Economic activity remained strong through the end of 2025, although the pace of expansion continued to normalize. According to preliminary estimates, real GDP growth reached 7.5% in 2025, indicating that output was still expanding above Georgia’s longer-run trend even as the economy gradually converged toward potential. The growth mix remained favorable: less import-intensive and relatively high-productivity sectors continued to play a central role, while domestic demand showed clearer signs of normalization under still-tight monetary conditions.

Inflation remained above the 3% target around the turn of the year, but the composition of price pressures still points to a largely temporary shock profile. Realized average inflation in 2025 amounted to 3.9%, while as of January 2026 headline inflation stood at 4.8% y/y. The increase was driven mainly by food prices, one-off domestic price adjustments, and volatility in agricultural products. At the same time, underlying inflation remained much more contained: core inflation stood at 2.1%, while services inflation reached 3.0%, suggesting that broader inflation expectations remained relatively stable.

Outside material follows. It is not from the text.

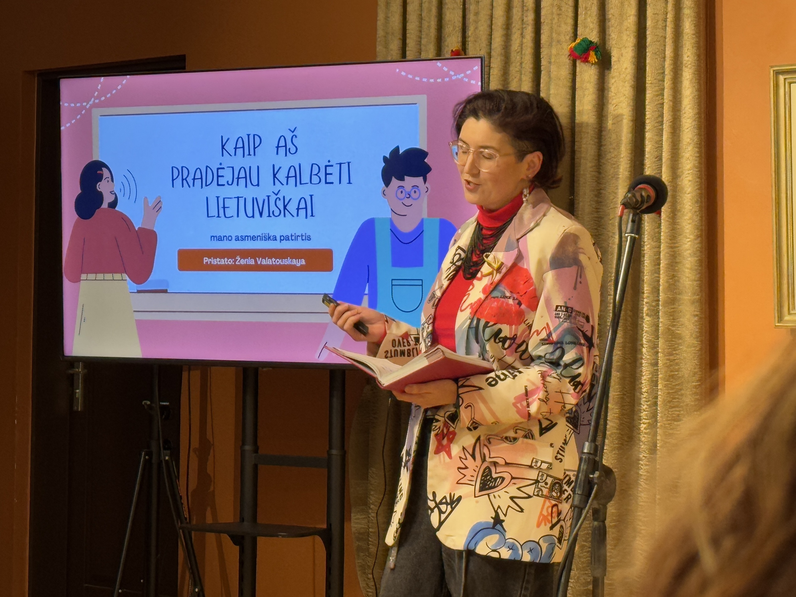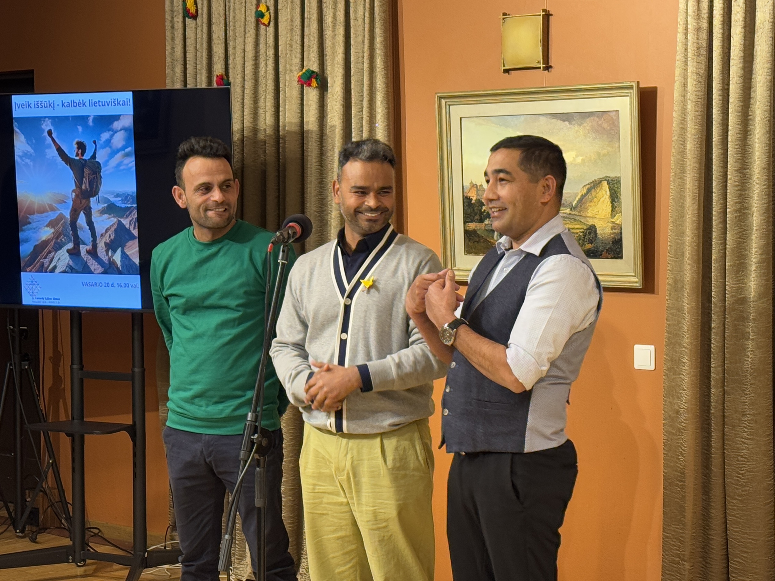 Lietuvių kalbos besimokantys užsieniečiai pasakojo apie savo patirtį, iššūkius ir džiaugsmus, su kuriais susiduria mokydamiesi kalbos, taip pat dalijosi motyvacija, kaip įveikia sunkumus ir pasiekia sėkmės. Renginio dalyviai turėjo galimybę pasidalinti savo pasiekimais ir įkvėpti kitus drąsiai priimti naujus kalbos iššūkius.

The external position improved further by the end of 2025. Structural shifts toward less import-intensive sectors, weaker import growth, stronger services exports, and firmer remittance inflows all supported the current account. Tourism revenues increased by 6.0% in 2025, ICT exports remained high at 2.9% of GDP in the first three quarters of the year, and remittances rose by 8.5% annually. Against this backdrop, the current account deficit improved relative to its estimated long-term equilibrium of about 5% of GDP, while exchange-rate conditions remained broadly supportive of macroeconomic stability and deposit dollarization declined to 47.7% by year-end.